Hope this is good enough. I've taken account of the fact that when
splitting "foo:bar::" one empty string is kept as it's not final.
As far as I can see from bash, in the case of white space, terminating
white space is also stripped (all of it, since the main difference here
is it combines to make a single delimiter), but it's quite hard to
generate a case to be sure with other shells making it pretty difficult
to get the effect of splitting without removing empty words. So now
% foo="one two three "
% print -l "${=foo}"
one
two
three
% (setopt posixstrings; print -l "${=foo}"; )
one
two
three
%
which seems to agree with the following in bash:
$ var="one two three "
$ fn() { typeset f; for f in "$@"; do echo $f; done; }
$ fn $var
one
two
three
$
but it's possible the space is being removed for some completely
different reason.
It would obviously be insane to make this the default behaviour. I hope
the description of the option is suitably off-putting.
pws
diff --git a/Doc/Zsh/options.yo b/Doc/Zsh/options.yo
index 70092d6..c0f07d7 100644
--- a/Doc/Zsh/options.yo
+++ b/Doc/Zsh/options.yo
@@ -2193,16 +2193,16 @@ cindex(discarding embedded nulls in $'...')
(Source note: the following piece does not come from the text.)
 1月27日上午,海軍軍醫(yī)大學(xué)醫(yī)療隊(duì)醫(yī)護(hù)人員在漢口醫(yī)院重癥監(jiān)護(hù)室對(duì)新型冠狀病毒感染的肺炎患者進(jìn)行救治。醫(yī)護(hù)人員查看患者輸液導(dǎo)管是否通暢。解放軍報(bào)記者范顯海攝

cindex(embedded nulls, in $'...')
cindex(nulls, embedded in $'...')
item(tt(POSIX_STRINGS) <K> <S>)(
-This option affects processing of quoted strings. Currently it only
-affects the behaviour of null characters, i.e. character 0 in the
-portable character set corresponding to US ASCII.
+This option affects processing of quoted strings, and also
+splitting of strngs.
-When this option is not set, null characters embedded within strings
-of the form tt($')var(...)tt(') are treated as ordinary characters. The
-entire string is maintained within the shell and output to files where
-necessary, although owing to restrictions of the library interface
-the string is truncated at the null character in file names, environment
-variables, or in arguments to external programs.
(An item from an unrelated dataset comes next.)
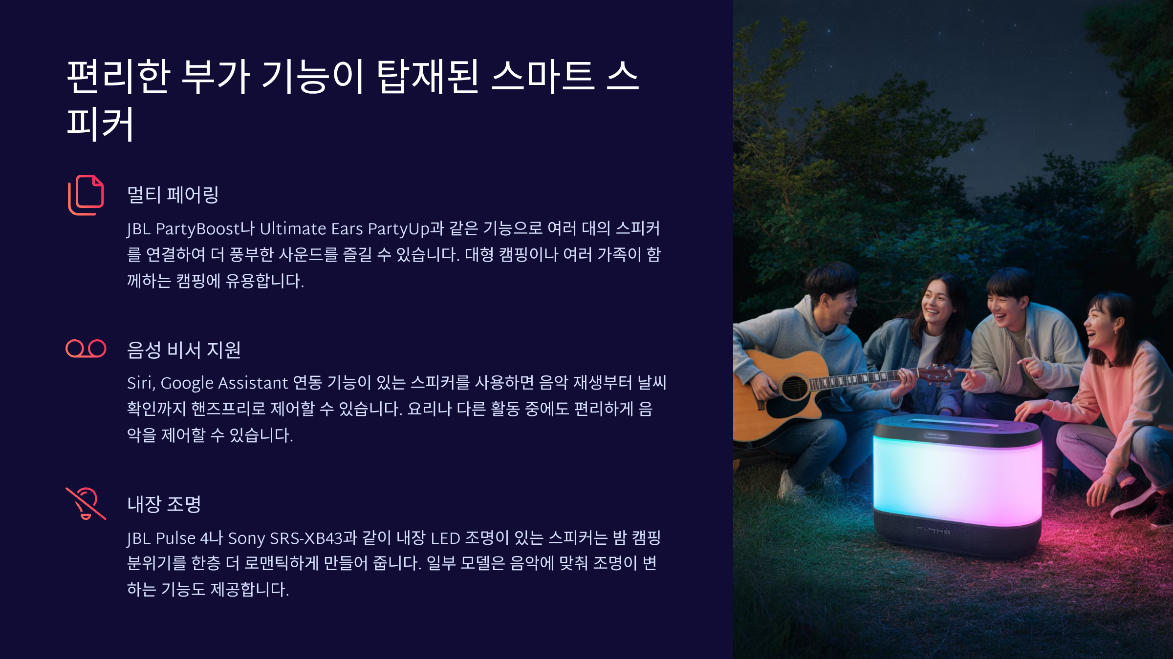 | D 스피커 | 360도 전 방향 사운드, 강력한 베이스 | 음악 감상을 중요하게 여기는 캠퍼 |

+When this option is not set, null characters (character 0 in the
+portable character set coresponding to US ASCII) that are embedded
+within strings of the form tt($')var(...)tt(') are treated as ordinary
+characters. The entire string is maintained within the shell and output
+to files where necessary, although owing to restrictions of the libplary
+interface the string is truncated at the null character in file name s,
+environment variables, or in arguments to external programs.
When this option is set, the tt($')var(...)tt(') expression is truncated at
the null character. Note that remaining parts of the same string
@@ -2211,6 +2211,19 @@ beyond the termination of the quotes are not truncated.
For example, the command line argument tt(a$'b\0c'd) is treated with
the option off as the characters tt(a), tt(b), null, tt(c), tt(d),
and with the option on as the characters tt(a), tt(b), tt(d).
+
+Furthermore, when the option is set, a trailing separator followed by an
+empty strins does not cause extra fields to be output when the string
+is split. For example,
+
+example(var="foo bar "
+print -l "${=var}")
+
+outputs a blank line at the end if tt(POSIXSTRINGS) is not set, but
+no blank line if the option is set. Note the quotation marks as
+empty elements would in any case be removed without their presence.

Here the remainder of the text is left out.